Hyperexcitability in Na_V1.7-I848T iPSC-SNs can be reversed by dynamic clamp reduction in Na_V1.7 currents. (A) Representative traces from one iPSC-SN depicting the determination of current threshold with graded 200 ms current injections at baseline (black, 55 pA), Na_V1.7-I848T (blue, top right, 50 pA), and with various degrees of Na_V1.7 current subtraction via dynamic clamp. Normalization of current threshold (defined as current threshold returning to baseline levels) was reached with subtraction of 40% of the total Na_V1.7 current. (B) Representative traces of repetitive action potential firing with a 1000 ms duration current injection at twice the threshold current in the same iPSC-SN as Fig. 4A. Illustrated are baseline repetitive firing levels (black, nine action potentials generated), Na_V1.7-I848T repetitive firing (blue, top row, 12 action potentials generated), and traces depicting various degrees of Na_V1.7 current subtraction and their respective action potentials fired.
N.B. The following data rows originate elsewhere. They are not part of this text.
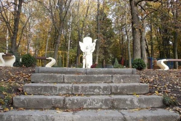 А це що таке виліпили з незрозумілого матеріалу, який за два дні після відкриття почав сипатись тим набілом, що його помастили… Що це за символ – худий, змучений, із заплющеними очима, з якоюсь пов’язкою на бедрах? Якщо це янгол, то й за нього образа бере… А поруч лавочки-закарлючки і 5 східців, що сікось-накось поставили…
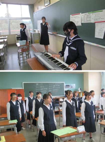 10月27日(金)全校音楽 〜合唱練習〜(その1) 公開日 2023/10/27 更新日 2023/10/27 学び合い認め合う学習 本日5限に明日の合唱コンクールに向けた最後の合唱練習を行いました。前日となり、生徒たちは本番に向けてさらに気持ちを高めていました。
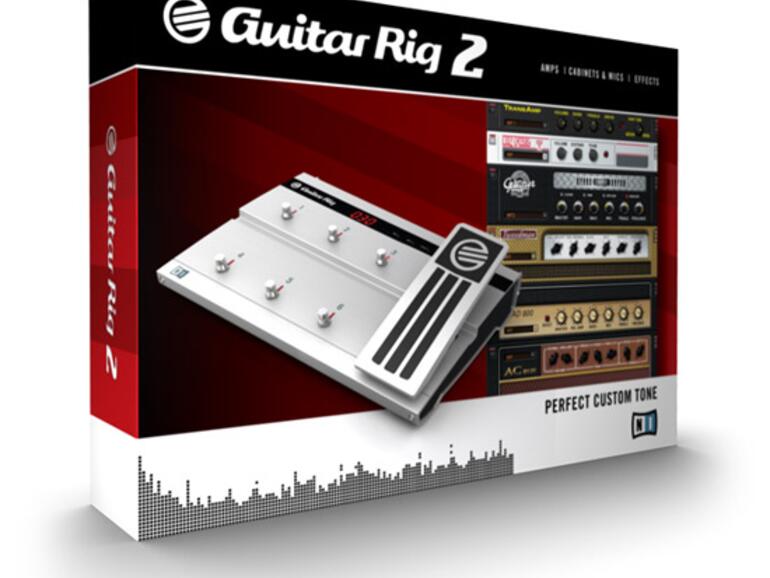 Die wohl größte Neuerung von Guitar Rig 2 ist die völlig überarbeitete Version des Rig Kontrol 2. Während es in der ersten Version “nur” ein Fußschalter war, und man noch eine zusätzliche Soundkarte brauchte, um Gitarre oder Bass im Computer aufzunehmen, spendiert uns Native Instruments mit dem Rig Kontrol 2 eine Komplettlösung, die es in sich hat. In dem äußerst solide verarbeiteten Tretschalter aus Metall, der auch ohne Probleme mal ein wüstes Konzert übersteht, verbirgt sich jetzt auch eine USB-2-Soundkarte mit zwei Monokanälen inklusive separatem Gainregler, einem Gitarrenvorverstärker und einer DI-Box – ein immenser Vorteil, denn mit dieser Out-of-the-Box Lösung braucht es nichts anderes mehr, um direkt loslegen zu können.
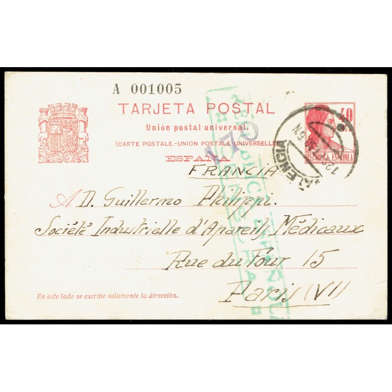 II República. Tipo Matrona. Tarjetas para los Países de la Unión Postal Universal. 40c. rojo carminado. Rarísimo entero circulado el 12 de Septiembre de 1938 de Valencia a París (Francia). Marca de censura militar.
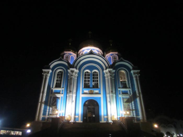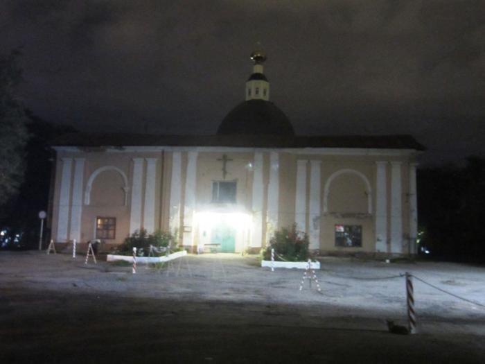 К 20.00 приехали в город Задонск Липецкой области. Вроде и не поздно было, но уже темнело, и, к сожалению, не все фотографии получились качественными. В центре города на центральной площади находится Успенская церковь, 1798-1800 годов постройки.
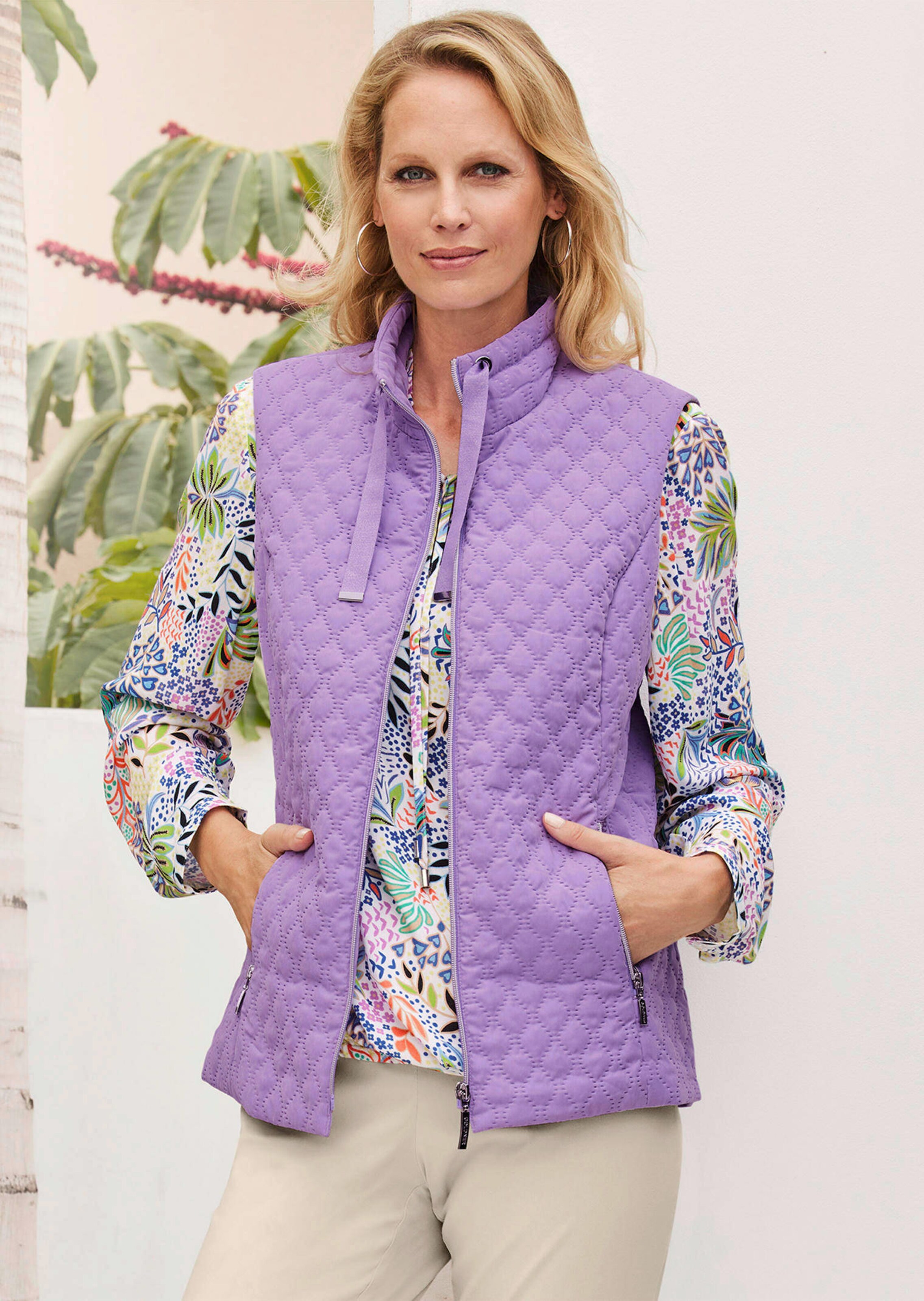 Tikkiliivissä on laadukas, huippumuodikas painatus ja persikanpehmeä tuntu. Kevyesti topattu liivi muoto-ompelein istuu nätisti päällä. Pystykauluksessa on kiiltolankaista koristenauhaa. Vetoketjulliset taskut kruunaavat sporttisen ilmeen. Pituus 66 cm koossa 46, 62 cm koossa 23.
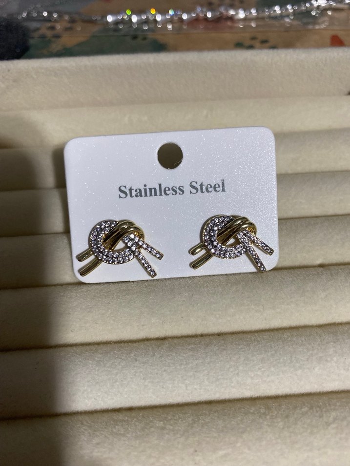 Paslanmaz çelikten yapılmış, altın renkli mini uzunlukta, sıralı taşlı düğüm desenli kadın küpeleri. Minimalist sokak stili için uygun, günlük kullanıma uygun. ✨
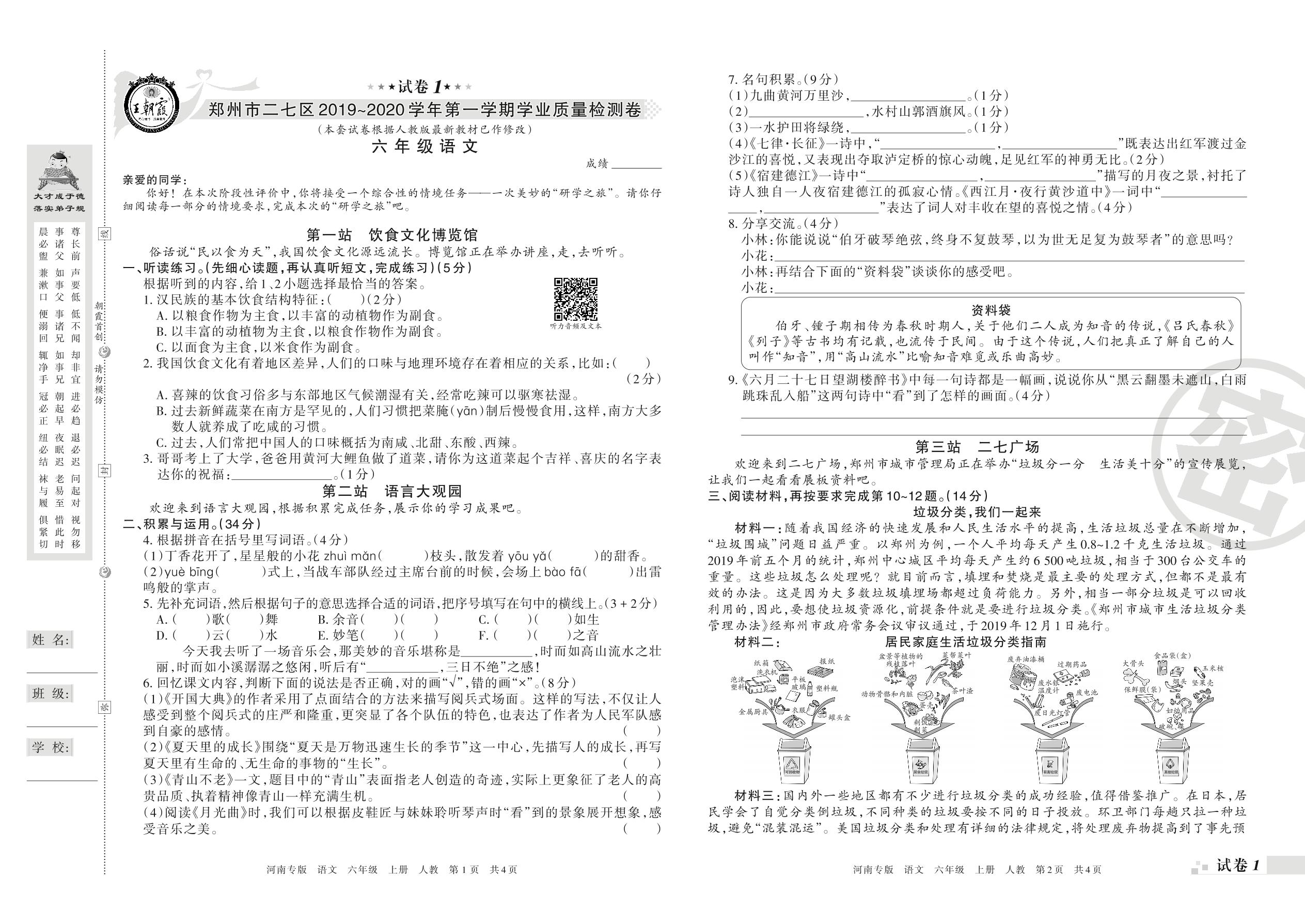 2019-2020学年第一学期郑州市二七区六年级语文试卷(人教版)【1】
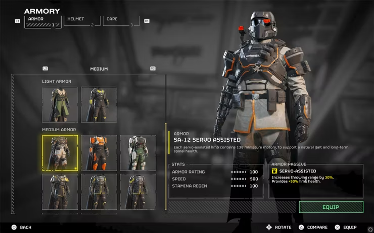 Die Rolle eines Spielers mit einem defensiven Aufbau besteht darin, seine Teamkameraden zu schützen. Dies kann nicht durch die Verwendung von Rüstungen mit niedrigerem Rüstungswert und schwacher passiver Panzerung erreicht werden. SA-12 Servo Assisted ist die beste Rüstung für einen defensiven Aufbau, da sie 50 Prozent der Gliedmaßengesundheit bietet.
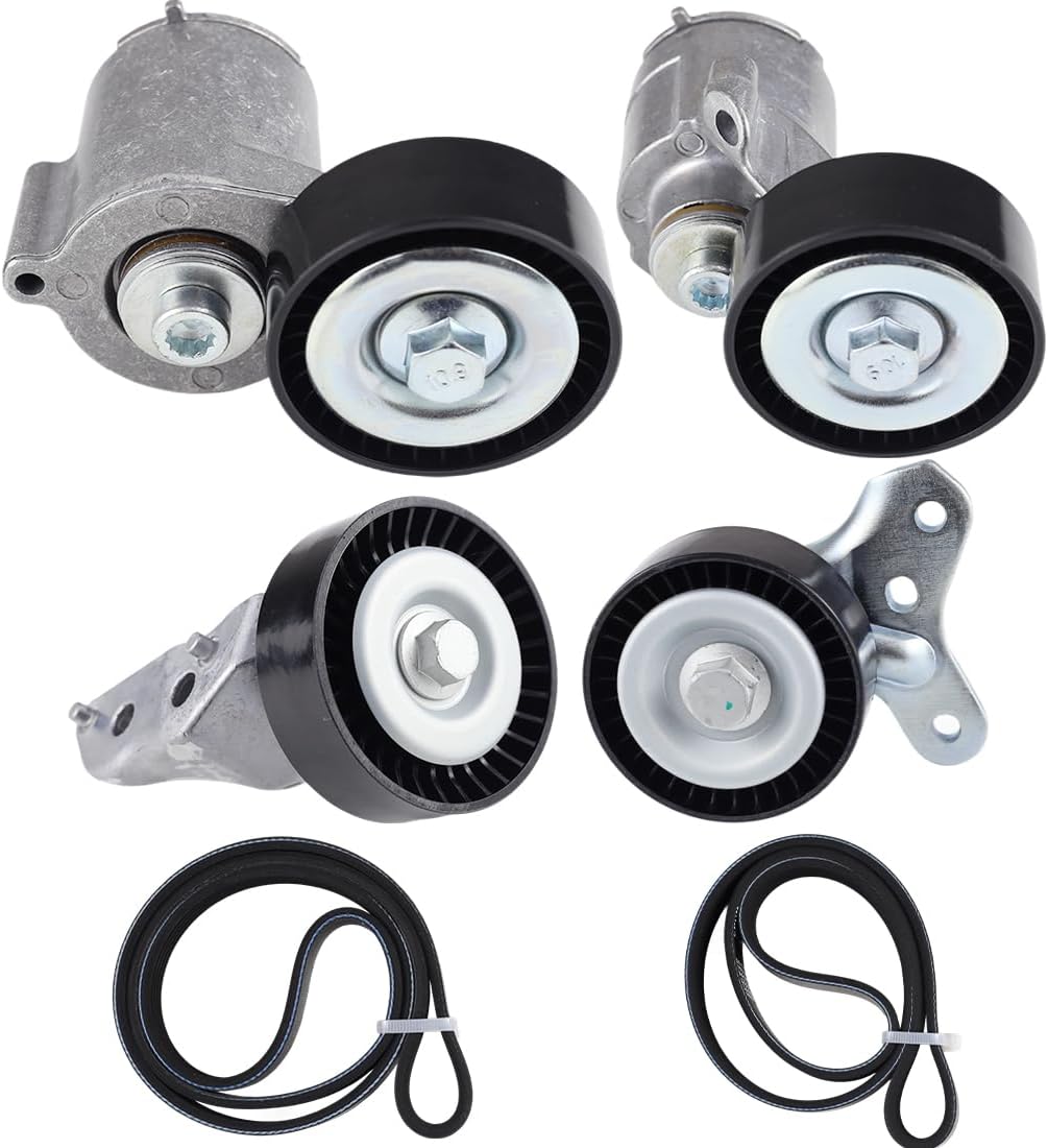Drive Belt Tensioner & Idler Pulley Kit w/Serpentine Belts Compatible with Maserati Ghibli, Quattroporte, Levante 3.0L V6 Twin Turbo | Replace 278950, 278940, 286570, 243857
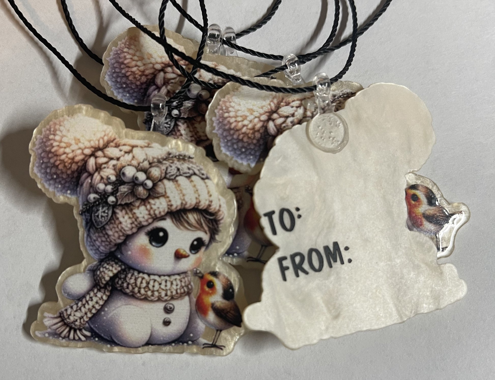SNOWMAN WITH BIRD KEEPSAKE GIFT TAG ORNAMENT SET OF 5
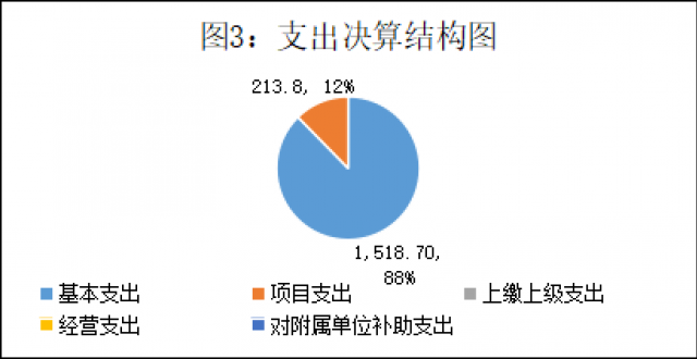 2024年度本年支出合计1732.50万元,其中:基本支出1518.70万元,占88%;项目支出213.80万元,占12%;上缴上级支出0万元,占0%;经营支出0万元,占0%;对附属单位补助支出0万元,占0%。
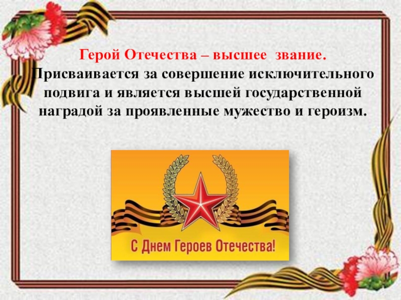 Слайд 2Герой Отечества – высшее звание. Присваивается за совершение исключительного подвига и

In this neuron, subtraction of 60% of the Na_V1.7 current normalized repetitive firing (i.e. reduced repetitive firing to no more than equal to baseline levels).

Figure 6

Hyperexcitability in IEM iPSC-SNs can be reversed by approximately a one-half reduction in Na_V1.7 current. (A) Current threshold can be normalized (i.e. returned to control levels) by subtraction of 55.56 ± 8.01% (n = 9) of Na_V1.7 current in Na_V1.7-S241T iPSC-SNs and 44.29 ± 6.85% (n = 7) of Na_V1.7 current in Na_V1.7-I848T iPSC-SNs. Ordinates show percent block of current needed to restore current threshold and repetitive firing to control levels. (B) Repetitive firing can be corrected by subtraction of 53.33 ± 8.17% and 48.00 ± 8.00% of Na_V1.7 current in Na_V1.7-S241T (n = 9) and Na_V1.7-I848T (n = 5) iPSC-SNs.